Is ethical investment failing to keep up? By Matthew Butcher, December 8, 2012, FairPensions, UK.
Poll Maps Growth Of Ethical Investment Understanding And Demand. – [COMMENTARY] “The poll, conducted by Atomik on behalf of sustainable investment consultancy firm Emerald Knight, shows that nearly two-thirds of people (65%) would like to know more about what their bank or building society is doing with their finances. This comes after an overwhelming 86% claimed they were unaware of how their money is invested. But, in results that will provide the industry with a welcome boost, nearly half of respondents (47%) said that they were likely to opt for ethical investments rather than conventional ones in the future.”
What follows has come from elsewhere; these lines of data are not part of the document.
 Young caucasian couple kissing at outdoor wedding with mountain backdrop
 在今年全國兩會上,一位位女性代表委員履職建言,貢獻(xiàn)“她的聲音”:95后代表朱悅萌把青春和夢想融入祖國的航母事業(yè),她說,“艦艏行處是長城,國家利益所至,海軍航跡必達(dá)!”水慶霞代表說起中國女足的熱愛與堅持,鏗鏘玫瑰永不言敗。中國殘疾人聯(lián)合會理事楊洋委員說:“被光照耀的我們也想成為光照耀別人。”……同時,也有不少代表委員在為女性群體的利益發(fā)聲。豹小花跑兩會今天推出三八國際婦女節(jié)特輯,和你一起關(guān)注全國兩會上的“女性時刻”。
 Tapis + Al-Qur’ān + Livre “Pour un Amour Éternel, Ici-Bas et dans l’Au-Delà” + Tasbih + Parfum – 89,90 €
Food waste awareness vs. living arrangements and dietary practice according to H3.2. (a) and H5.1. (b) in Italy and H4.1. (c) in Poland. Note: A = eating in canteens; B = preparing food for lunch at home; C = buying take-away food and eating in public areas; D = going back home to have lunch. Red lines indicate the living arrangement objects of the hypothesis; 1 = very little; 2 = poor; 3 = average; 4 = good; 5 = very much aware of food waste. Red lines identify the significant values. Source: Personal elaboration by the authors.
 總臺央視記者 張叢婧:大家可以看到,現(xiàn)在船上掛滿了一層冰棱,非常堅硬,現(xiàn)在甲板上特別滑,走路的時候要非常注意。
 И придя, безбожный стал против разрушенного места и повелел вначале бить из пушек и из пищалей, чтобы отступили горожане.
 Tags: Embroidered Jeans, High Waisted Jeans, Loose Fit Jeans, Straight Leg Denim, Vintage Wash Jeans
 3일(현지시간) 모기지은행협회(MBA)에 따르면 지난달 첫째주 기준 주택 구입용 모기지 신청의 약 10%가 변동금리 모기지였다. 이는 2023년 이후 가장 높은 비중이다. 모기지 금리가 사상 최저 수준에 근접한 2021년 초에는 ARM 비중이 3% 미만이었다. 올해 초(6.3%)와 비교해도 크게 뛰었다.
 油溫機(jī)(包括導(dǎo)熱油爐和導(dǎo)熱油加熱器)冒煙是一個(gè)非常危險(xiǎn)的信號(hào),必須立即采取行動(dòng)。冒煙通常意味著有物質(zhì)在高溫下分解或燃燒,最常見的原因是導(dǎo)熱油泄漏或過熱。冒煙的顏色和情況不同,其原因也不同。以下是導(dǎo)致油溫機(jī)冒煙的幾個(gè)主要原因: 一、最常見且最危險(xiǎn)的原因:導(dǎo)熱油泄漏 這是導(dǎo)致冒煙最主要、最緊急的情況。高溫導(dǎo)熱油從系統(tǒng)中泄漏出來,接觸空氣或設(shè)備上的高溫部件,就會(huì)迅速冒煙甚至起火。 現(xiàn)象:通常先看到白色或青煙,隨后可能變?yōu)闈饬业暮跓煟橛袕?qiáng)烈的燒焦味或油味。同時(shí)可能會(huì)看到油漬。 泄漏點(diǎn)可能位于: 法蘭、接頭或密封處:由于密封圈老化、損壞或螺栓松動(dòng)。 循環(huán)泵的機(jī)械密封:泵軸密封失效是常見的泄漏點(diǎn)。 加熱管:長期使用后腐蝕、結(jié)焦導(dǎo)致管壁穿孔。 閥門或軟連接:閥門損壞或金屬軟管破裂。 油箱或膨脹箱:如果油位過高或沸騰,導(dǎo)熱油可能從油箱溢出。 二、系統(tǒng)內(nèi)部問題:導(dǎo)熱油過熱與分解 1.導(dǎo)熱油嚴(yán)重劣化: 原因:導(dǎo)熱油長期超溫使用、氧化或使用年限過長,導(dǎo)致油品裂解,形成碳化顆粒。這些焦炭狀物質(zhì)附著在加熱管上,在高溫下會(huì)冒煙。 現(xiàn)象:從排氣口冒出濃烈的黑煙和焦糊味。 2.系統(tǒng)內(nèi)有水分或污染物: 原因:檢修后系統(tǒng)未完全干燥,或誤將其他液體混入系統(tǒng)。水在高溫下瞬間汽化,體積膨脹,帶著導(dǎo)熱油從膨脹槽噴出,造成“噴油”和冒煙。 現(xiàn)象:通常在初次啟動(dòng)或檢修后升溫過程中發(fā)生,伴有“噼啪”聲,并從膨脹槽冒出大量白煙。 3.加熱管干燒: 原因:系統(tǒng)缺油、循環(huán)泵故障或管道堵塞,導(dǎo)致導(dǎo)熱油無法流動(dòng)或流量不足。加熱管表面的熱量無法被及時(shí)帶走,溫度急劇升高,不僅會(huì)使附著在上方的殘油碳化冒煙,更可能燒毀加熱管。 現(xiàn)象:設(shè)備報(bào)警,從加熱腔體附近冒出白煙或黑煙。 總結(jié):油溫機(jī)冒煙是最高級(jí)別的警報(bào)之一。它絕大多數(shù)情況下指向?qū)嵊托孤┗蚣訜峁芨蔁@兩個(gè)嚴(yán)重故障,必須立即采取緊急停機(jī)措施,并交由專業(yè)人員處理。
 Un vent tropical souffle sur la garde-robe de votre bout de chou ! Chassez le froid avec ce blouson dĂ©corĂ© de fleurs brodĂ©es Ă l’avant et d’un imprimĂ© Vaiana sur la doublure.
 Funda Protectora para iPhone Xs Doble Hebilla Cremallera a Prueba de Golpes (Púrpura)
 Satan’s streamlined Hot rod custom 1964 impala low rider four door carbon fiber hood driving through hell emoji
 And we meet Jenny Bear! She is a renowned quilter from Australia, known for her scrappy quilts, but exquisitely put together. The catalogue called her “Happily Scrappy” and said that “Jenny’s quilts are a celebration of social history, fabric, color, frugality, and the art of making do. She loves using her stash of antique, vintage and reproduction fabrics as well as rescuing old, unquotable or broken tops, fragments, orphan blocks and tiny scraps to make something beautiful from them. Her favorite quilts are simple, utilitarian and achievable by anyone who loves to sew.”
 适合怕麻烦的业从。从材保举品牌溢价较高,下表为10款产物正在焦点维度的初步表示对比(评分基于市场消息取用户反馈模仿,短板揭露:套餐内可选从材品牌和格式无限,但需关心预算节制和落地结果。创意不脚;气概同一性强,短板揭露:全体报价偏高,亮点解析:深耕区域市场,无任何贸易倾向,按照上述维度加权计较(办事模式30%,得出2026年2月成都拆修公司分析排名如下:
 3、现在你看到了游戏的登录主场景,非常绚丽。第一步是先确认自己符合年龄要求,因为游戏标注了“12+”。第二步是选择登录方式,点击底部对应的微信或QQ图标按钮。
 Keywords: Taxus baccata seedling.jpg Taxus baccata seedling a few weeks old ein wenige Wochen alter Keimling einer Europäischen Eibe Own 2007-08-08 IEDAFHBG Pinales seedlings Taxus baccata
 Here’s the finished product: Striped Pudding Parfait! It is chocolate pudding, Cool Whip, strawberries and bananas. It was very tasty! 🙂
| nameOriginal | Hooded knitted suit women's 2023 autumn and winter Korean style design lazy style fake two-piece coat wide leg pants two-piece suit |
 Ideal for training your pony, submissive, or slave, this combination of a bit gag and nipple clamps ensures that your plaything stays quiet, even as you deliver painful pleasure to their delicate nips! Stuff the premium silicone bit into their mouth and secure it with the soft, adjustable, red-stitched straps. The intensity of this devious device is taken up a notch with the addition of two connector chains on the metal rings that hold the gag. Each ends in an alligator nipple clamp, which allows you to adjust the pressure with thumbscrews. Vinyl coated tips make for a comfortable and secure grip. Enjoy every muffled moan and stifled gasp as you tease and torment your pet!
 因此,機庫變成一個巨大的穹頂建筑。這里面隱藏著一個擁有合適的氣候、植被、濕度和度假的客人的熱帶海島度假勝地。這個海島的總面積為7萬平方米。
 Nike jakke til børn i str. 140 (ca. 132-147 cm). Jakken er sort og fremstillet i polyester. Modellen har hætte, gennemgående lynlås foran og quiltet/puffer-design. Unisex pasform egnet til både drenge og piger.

Polls throughout Europe, the US, and Canada, continue to show high interest in ethical investing. Someday, those saying they want to invest ethically might actually do so!
Poll maps growth of ethical investment understanding and demand, by Alex Blackburne, December 6, 2012, Blue&Green Tomorrow, UK.
Companies To Duck Stock Exchange ESG Guidance, Study Says. – [COMMENTARY] “During 2012 many stock exchanges globally announced new rules for the disclosure of non-financial information on environmental and social issues, but weak enforcement mechanisms mean that most CFOs and investor relations directors will opt out of following the guidance, according to a report from independent analyst firm Verdantix… Stock exchanges covered in the report are the Australian Securities Exchange, BM&FBOVESPA, Bombay Stock Exchange, Bursa Malaysia, NYSE Euronext Paris, Hong Kong Stock Exchange, Johannesburg Stock Exchange, London Stock Exchange, Shanghai Stock Exchange and Taiwan Stock Exchange.”
Everyone in the ethical investment community was extremely pleased with the actions of these stock exchanges on ESG disclosure of their listed companies. Could it be that the exchanges are afraid companies might delist and move to other exchanges should they enforce their rules?
Companies to Duck Stock Exchange ESG Guidance, Study Says, December 5, 2012, Environmental Leader, USA.
Unilever, UPS, Nike Lead Efforts To Address Climate Change. – [COMMENTARY] “Five of the six highest-ranked companies — Unilever, UPS, Nike, Levi Strauss and L’Oreal — showed year-over-year revenue growth from 2010 to 2011 while reducing their total emissions across some or all of their business units, according to the Climate Counts 2012-2013 Annual Company Scorecard report, released Wednesday. It ranks major consumer brands on their efforts to address climate change.” This is a good article to read about companies addressing climate change.
Unilever, UPS, Nike lead efforts to address climate change, by Kristine A. Wong, December 5, 2012, GreenBiz, USA.